Interchange is the biggest credit card fee you have never heard of

Credit card interchange fees are hidden in the cost of virtually everything you buy. Nearly $2 of every $100 the consumer spends using credit cards goes directly to the credit card companies. These fees inflate the cost of nearly everything consumers buy even when they pay by cash. Americans paid more than $42 billion in interchange fees in 2007, about twice what was paid in credit card late fees.

...and the fee you pay that pays for all that credit card junk mail!

The credit card interchange fee started out in the 1960s as a way to cover the real cost of a card transaction to the banks. Everything was done on paper then and credit card processing took far more time and manpower than today. Nowadays everything is done by computer yet credit card interchange fees have more than doubled since 2001 alone. Only 13% of the credit card interchange fee now goes to pay the real cost of the transaction, the rest goes to things like credit card junk mail.

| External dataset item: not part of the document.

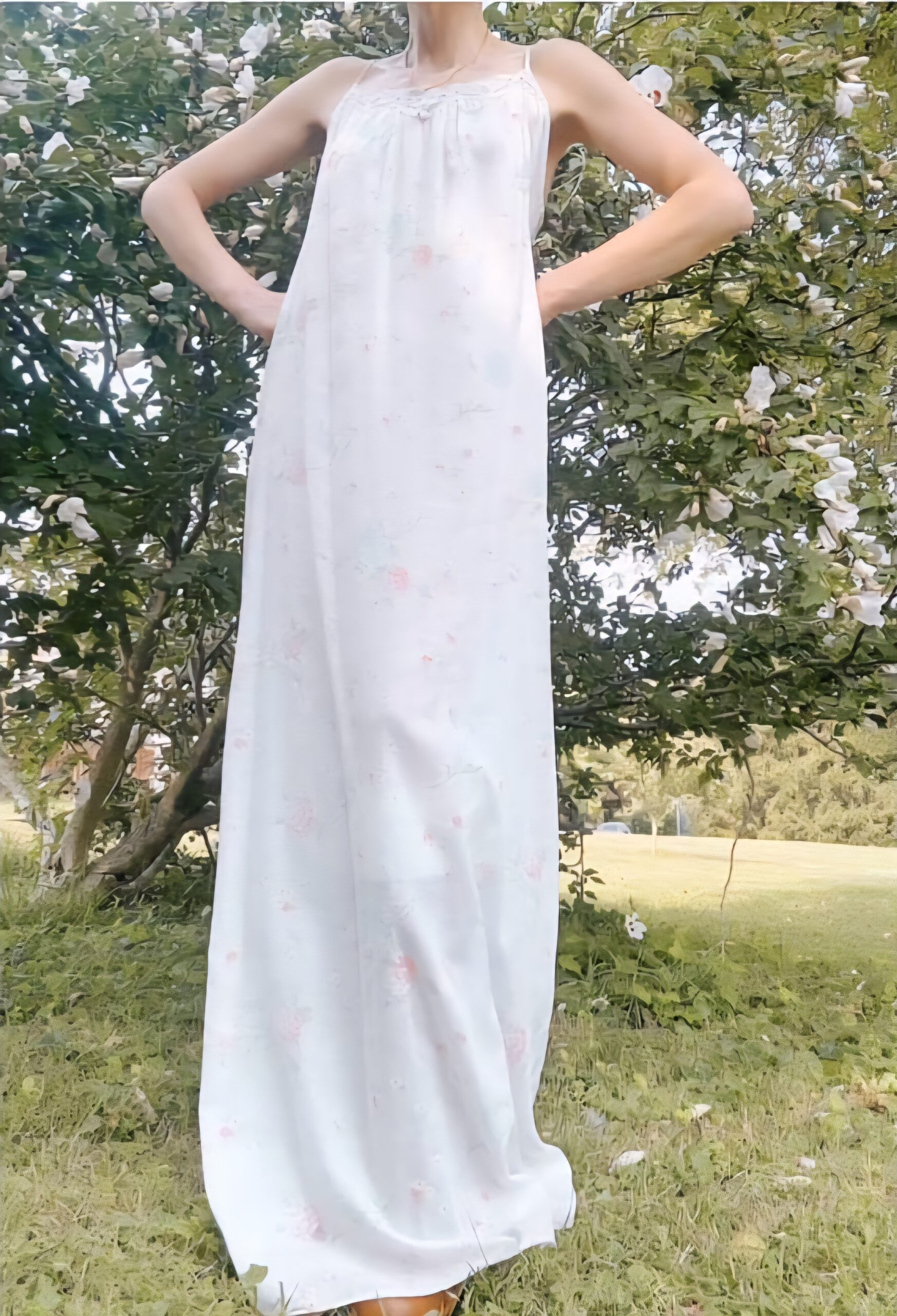 70s floral cotton & lace slip dress

US consumers pay twice or more what consumers in other countries pay

American consumers pay among the highest credit card interchange fees in the industrialized world, three times what British consumers pay. In Britain and some other industrialized countries, credit card interchange fees are viewed as unjustified and harmful to competition. Some countries, including the EU, are taking steps to deal with credit card interchange fees even though the fees consumers pay overseas are much lower than what Americans pay. The United States lags far behind the British, the European Community, and our other major trading partners in terms of grappling with this threat to open markets and free competition.

These secret credit card fees hurt consumers and merchants

US interchange rates are among the highest worldwide precisely because the fees are set in secret and hidden from view. Raising interchange fees is how Visa and MasterCard encourage banks to issue more credit and debit cards - as long as rising rates are kept top secret, consumers have no way of knowing the extra costs they are paying. Visa, MasterCard, and the big bank credit card issuers win; only merchants and consumers who are kept in the dark lose.

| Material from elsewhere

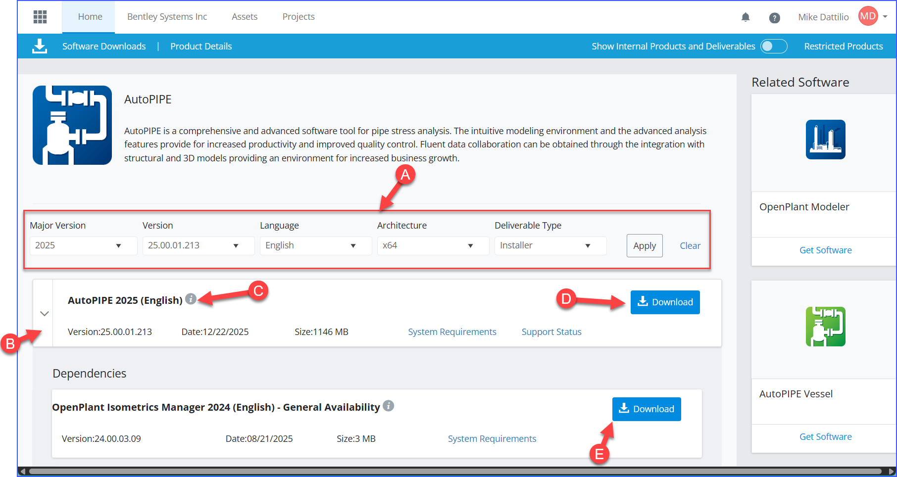 AutoPIPE is available in 4 different versions (i.e. Standard, Advances, Nuclear, and QA&R) and 1 add-on (KHK2 Add-on). These versions and add-on are controlled by the licensing inside of the application. Therefore, only need to download one edition of the software, always select the first tile labeled AutoPIPE. Again, all the feature are installed, the license selection from with in the application controls the feature availability with in the application.

Visa and MasterCard operate like price-fixing cartels and violate federal antitrust laws. Visa issuers collectively set credit card interchange fees in secret and MasterCard issuers separately do the same. The fees can't be negotiated and are not adequately disclosed to merchants or consumers. That's why unfair credit card interchange fees continue to rise rapidly despite improved processing technology, consistently low interest rates, and rapidly rising card volume.